The Capital Efficiency Signal: When ROIC Stops Making Sense
This week the clearest story in global markets wasn't a deal or a default. It was the slow sound of trapped money. Blackstone, alongside EQT and KKR, is openly racing to unlock the roughly $7 trillion of cash parked across Japanese households and balance sheets. Japanese listed companies alone hold around ¥110 trillion in cash and deposits — more than 10% of total assets, against 7–8% in Europe and roughly 6% in the United States. Return on equity has sat below 10% for years. In 2025, activist investors launched a record 56 campaigns in Japan, and they almost all pointed at the same target: capital that has stopped working.
This is the signal at the heart of the Capital Efficiency Index, or CEI. CEI is not a measure of how much profit a company reports. It measures whether capital is actually being put to productive use: return on invested capital, asset turnover, and the gap between the cash a company raises and the cash it actually deploys. The distinction matters because cash is morally neutral on a balance sheet. A large cash pile can mean discipline, or it can mean a management team that no longer knows how to earn its cost of capital — and would rather sit on the money than answer for a low-return investment. From the outside, the two look identical. CEI is an attempt to tell them apart early.

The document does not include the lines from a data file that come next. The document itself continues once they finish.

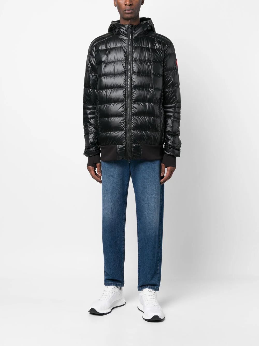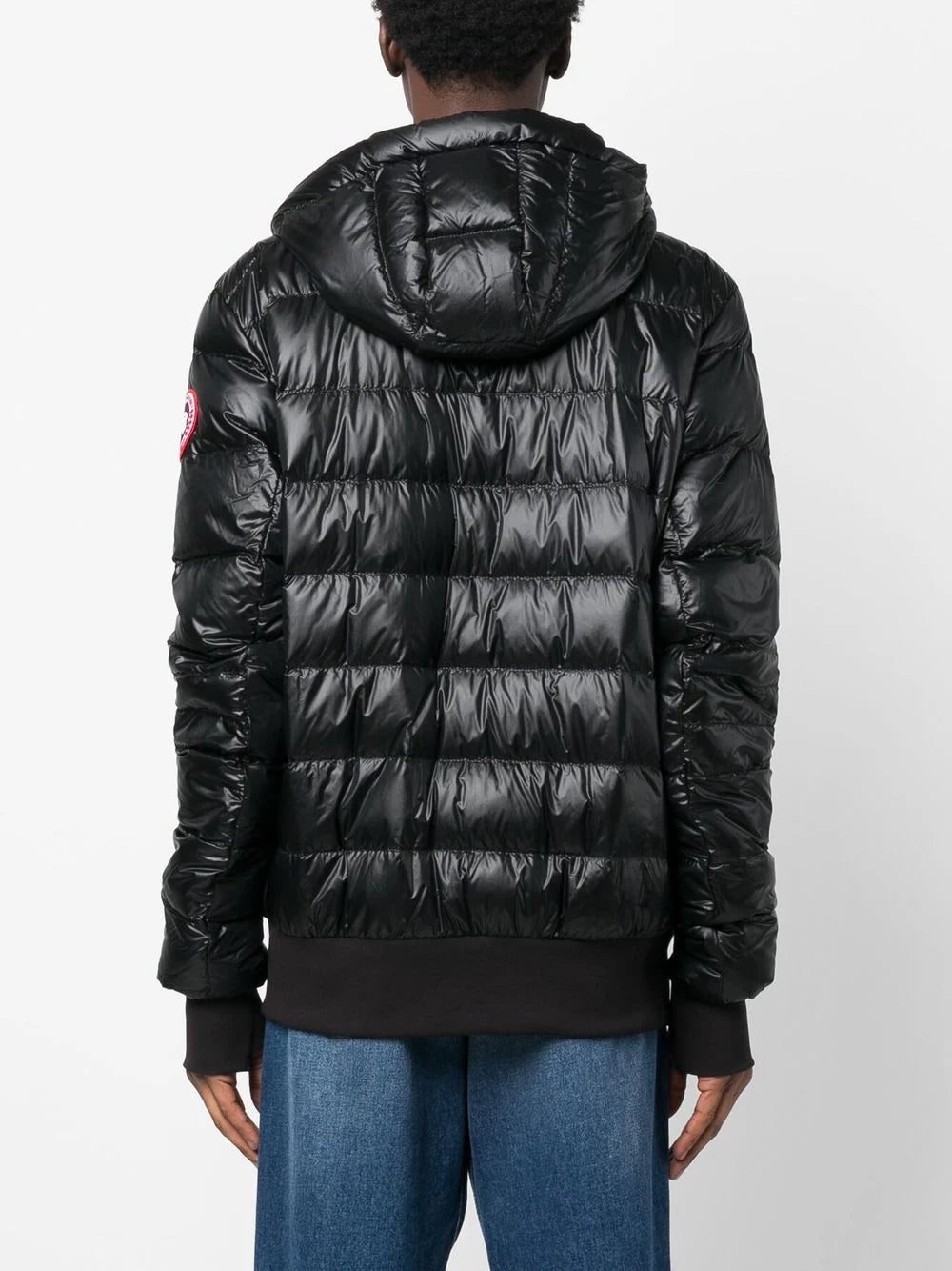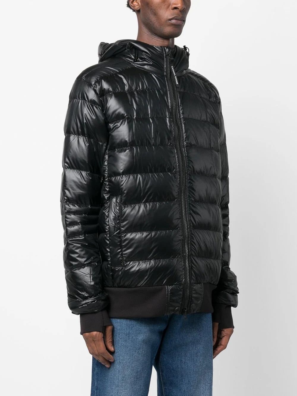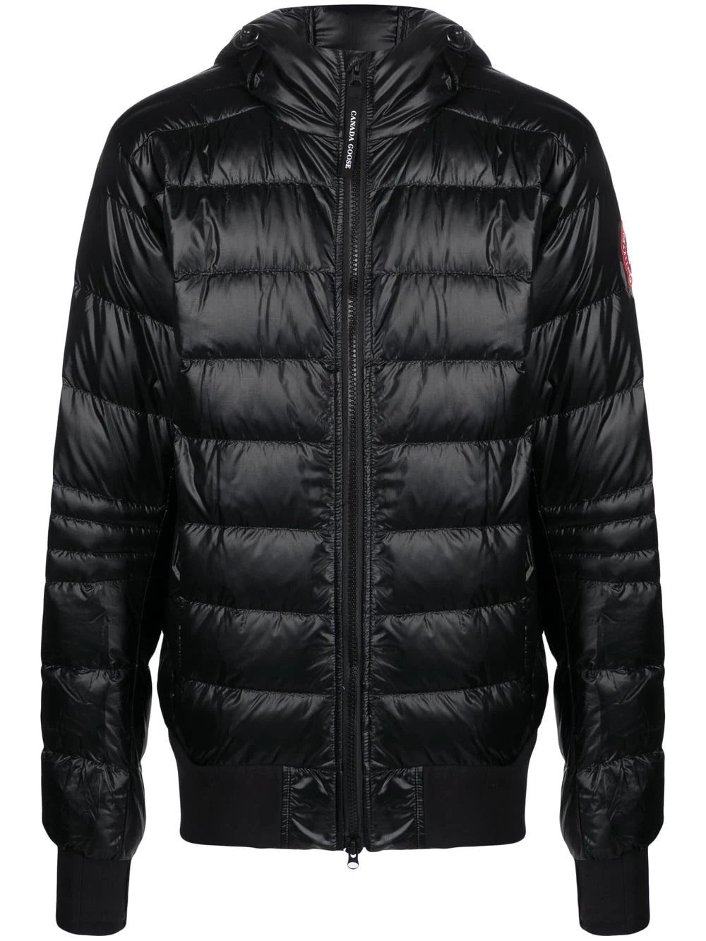 patent finish padded jacket from CANADA GOOSE featuring black, duck down, duck feather, front zip fastening, thumb slot, two side welt pockets, classic hood, tonal stitching, straight hem and logo-tape detailing to the rear.
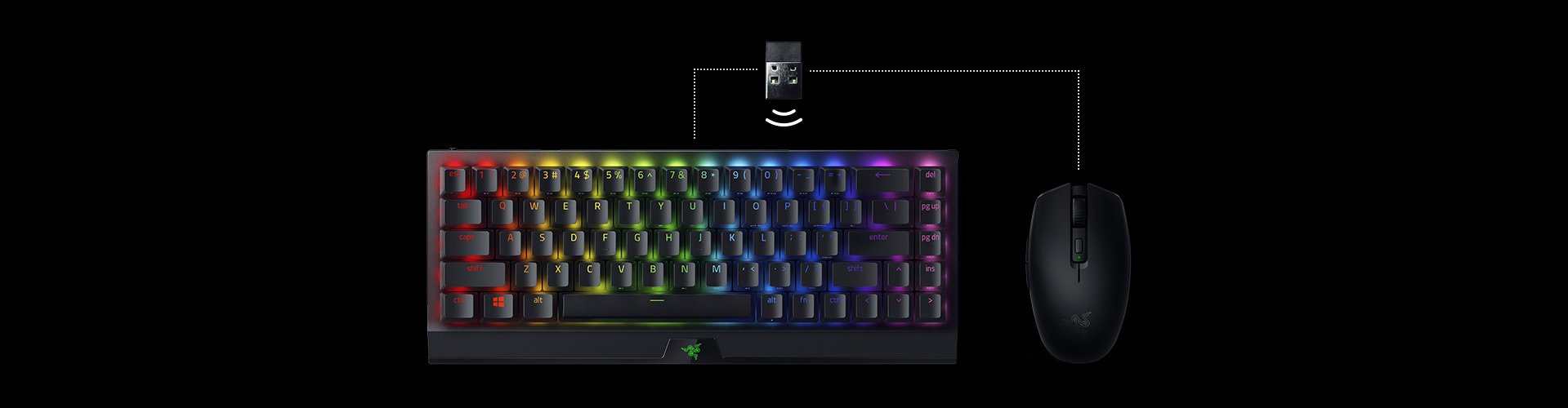 Bàn phím cơ chơi game không dây 65% này được trang bị công nghệ không dây tiên tiến nhất của Razer để chơi game có độ trễ thấp và tốc độ phản hồi và sự tối ưu hóa tần só kết nối và có khả năng chuyển khi tín hiệu bị bão hòa hoặc nhiễu. Với sự hỗ trợ đa thiết bị của chúng tôi, đơn giản hóa thiếp lập của bạn bằng cách kết nối chuột và bàn phím không dây với chỉ duy nhất một dongle.
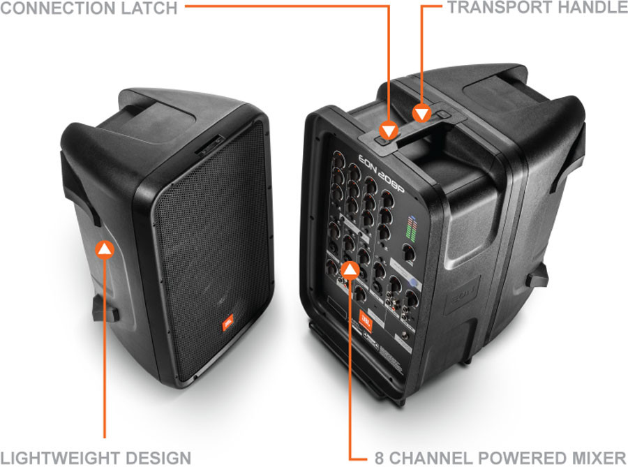 Portable Design EON208P puts professional audio within arm's reachliterally. The twin 8" speakers and 8-channel mixer clip together to form the most comprehensive, lightweight and portable PA in its class. Carry it in one hand with a guitar slung over your shoulder to play coffee shops and medium-size gigs. Or turn a backyard into the hottest nightclub around. With uncompromising JBL sound quality and effortless portability, you'll want to take it everywhere. The versatile enclosures facilitate stacking, pole mounting and use in monitor position.
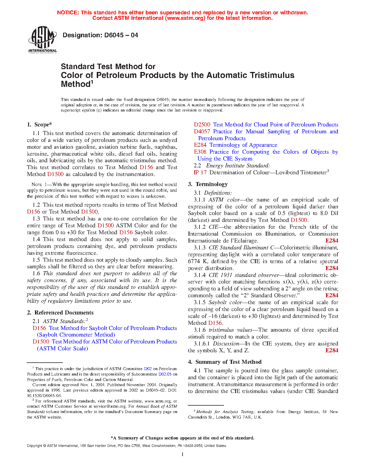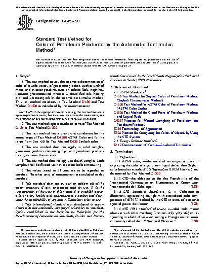 1.3 This test method has a one-to-one correlation for the entire range of Test Method D 1500 ASTM Color and for the range from 0 to +30 for Test Method D 156 Saybolt color.
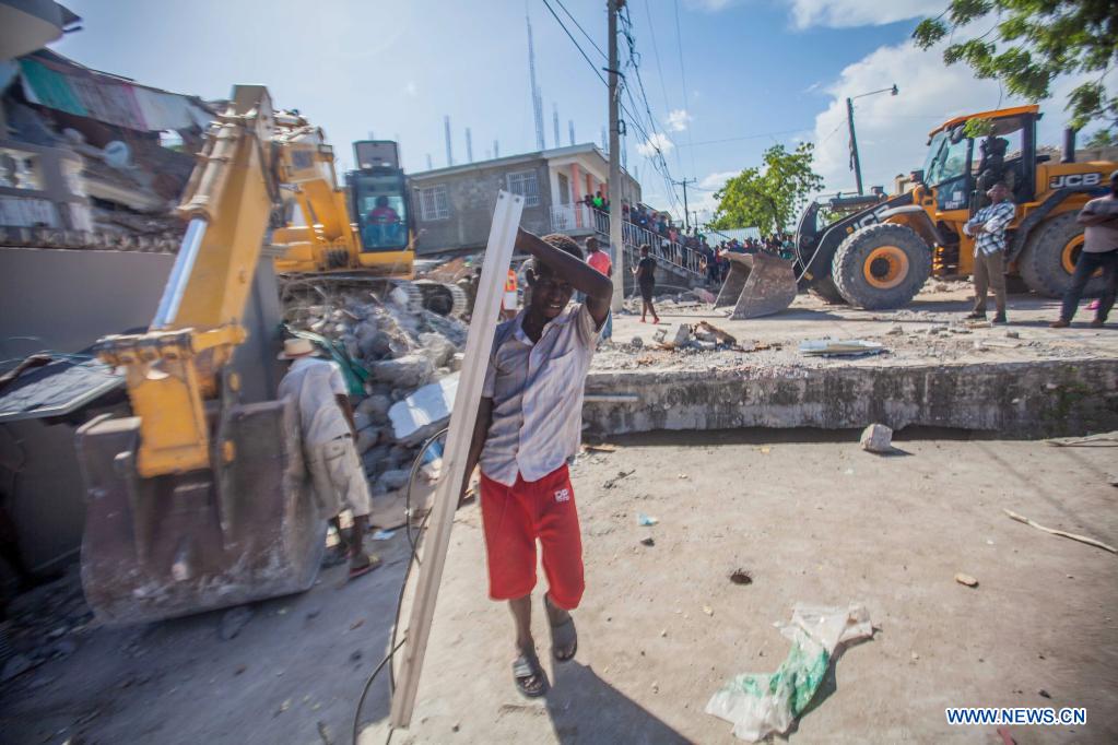 Imagen del 15 de agosto de 2021 de un hombre removiendo escombros de un edificio dañado después de un terremoto, en Les Cayes, Haití. Aumentó a 1.297 el número de muertos por el terremoto de magnitud 7,2 ocurrido el sábado en Haití, informó el domingo el coordinador de Protección Civil haitiano, Jerry Chandler. (Xinhua/Richard Pierrin)
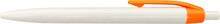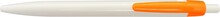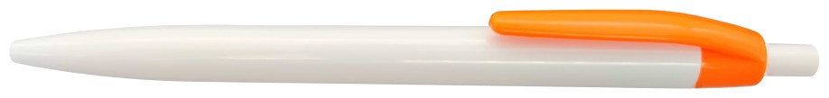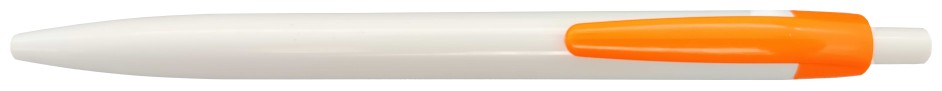 Plastové, kuličkové pero LIDO má bílé tělo a jasný oranžový klip. Má náplň X-20 (106mm), modře píšící.
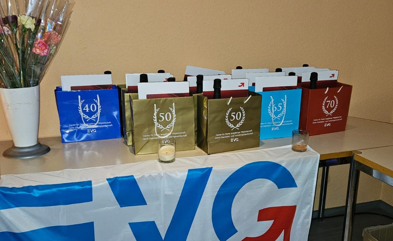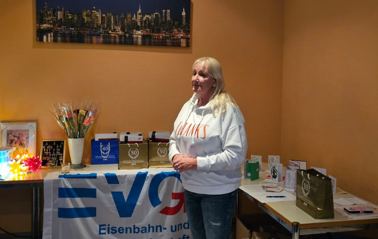 „Ihr habt nicht nur die Entwicklung der Eisenbahn aus nächster Nähe erlebt, sondern wart auch stets verlässlicher Teil der EVG-Gemeinschaft,“ betonte Eisenhuth. Mit persönlichen Anekdoten und den besonderen Momenten jedes Jubiläumsjahres erinnerte sie an die vielen gemeinsamen Erfolge und Herausforderungen.
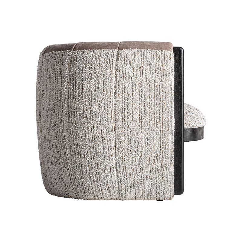Sillón Erbach de estilo art deco fabricado en madera de pino en color negro combinado con poliéster en color topo y espuma.
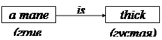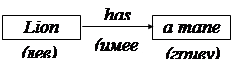 Свойства передаются через связки "IS" и "HAS" ("есть" и "имеет"), например, высказывание "лев имеет гриву" интерпретирует фрагмент сети, показанный на рис.1.4, а фраза "грива густая" (a mane is thick) передается фрагментом на рис. 1.5.
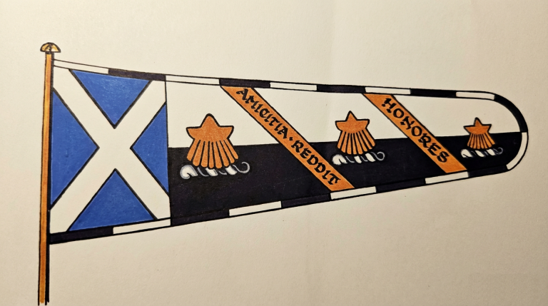 Standard: and upon a standard of four and a half yards in length parted in two Argent and Sable with the St Andrew’s Cross in the hoist is depicted the Petitioner’s said Crest three times in the fly with the motto “AMICITIA REDDIT HONORES” in Sable upon the transverse bands Or;
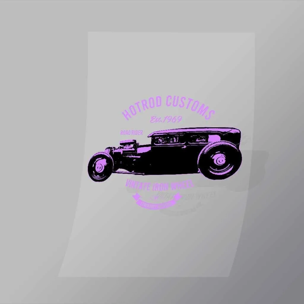 A great Hotrod Customs Est 1969 Purple DTF (Direct to Film) Transfer available in multiple sizes. (Beased on width at artwork aspect ratio)
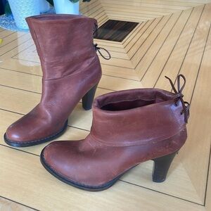 Bronx Brown Leather Ankle Booties convertible heeled boots lace up EU 37 sz 6
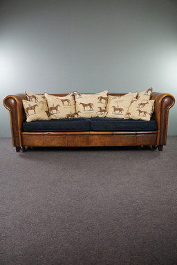Spacieux canapé 3 places en cuir de mouton avec coussins en tissu

Korea parallel. The same week, Korea offered the inverse photograph. Its value-up program is working, in market terms: the value-up index has outpaced the broad KOSPI by nearly 46 percentage points since launch. But look at who is filing. In one recent month, 130 companies submitted new value-up plans — and 124 of them were already high-dividend payers. The firms genuinely starved of capital efficiency, the ones hoarding cash at a return below their cost of capital, were not the ones rushing to the disclosure window. A dividend you were already paying is not a capital-efficiency reform. It is a press release. This is exactly the gap RaymondsIndex is built to read across 3,109 Korean companies: the difference between a cosmetic payout and a real change in how capital moves.
The academic frame. None of this is new theory. Michael Jensen's "free cash flow hypothesis" (1986) argued that managers sitting on cash beyond profitable investment opportunities tend to waste it — on empire-building, low-return projects, or simply inertia — precisely because the cash insulates them from market discipline. Two decades later, Dittmar and Mahrt-Smith (2007) showed empirically that a dollar of cash is worth far less inside a poorly governed firm than inside a well-governed one: the same balance-sheet line item carries a different value depending on whether minority shareholders can trust how it will be used. CEI operationalizes that insight. It treats idle cash not as a virtue or a vice, but as a question the financial statements will not answer for several more quarters.
What it means for individual investors. The practical lesson is uncomfortable. By the time a buyback is announced or an activist files, the easy gains have often already been priced in by those who saw the inefficiency first. The retail investor who reads "record dividend" as unambiguously good news is reading the last page of a story that started years earlier — in the quiet accumulation of cash that earned less than it should have. The capital-efficiency signal moves before the headline. The discipline is to ask, of any company you hold: is this capital working, or is it merely waiting? And if it is waiting — who benefits from the wait?
The balance sheet is the last to know. The relationships, and the incentives behind the cash, move first.